== Aim of the exercise ==
Would you reproduce exactly, and only, the lines starting at the one with "- 증여자 요건: 증여자가 3년 이상 직접 영농에 종사해야 함" and ending at the last line of the data, with both included? Leave the pictures out.

== Collected data ==
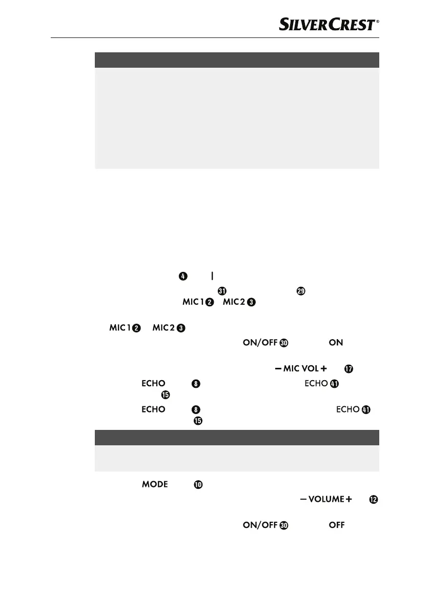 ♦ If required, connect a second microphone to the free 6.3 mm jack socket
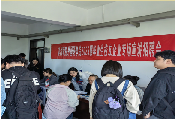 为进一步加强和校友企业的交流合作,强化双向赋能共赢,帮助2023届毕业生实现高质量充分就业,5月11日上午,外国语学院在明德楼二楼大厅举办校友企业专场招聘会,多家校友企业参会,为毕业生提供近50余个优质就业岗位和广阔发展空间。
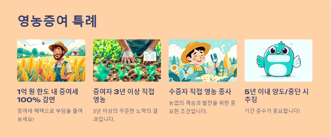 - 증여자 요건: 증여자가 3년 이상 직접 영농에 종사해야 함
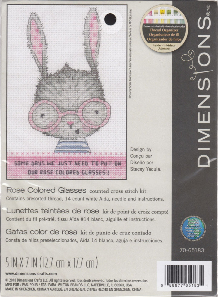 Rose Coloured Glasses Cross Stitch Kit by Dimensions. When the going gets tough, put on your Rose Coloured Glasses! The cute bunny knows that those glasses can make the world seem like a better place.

== The completed task ==
 - 증여자 요건: 증여자가 3년 이상 직접 영농에 종사해야 함
 Rose Coloured Glasses Cross Stitch Kit by Dimensions. When the going gets tough, put on your Rose Coloured Glasses! The cute bunny knows that those glasses can make the world seem like a better place.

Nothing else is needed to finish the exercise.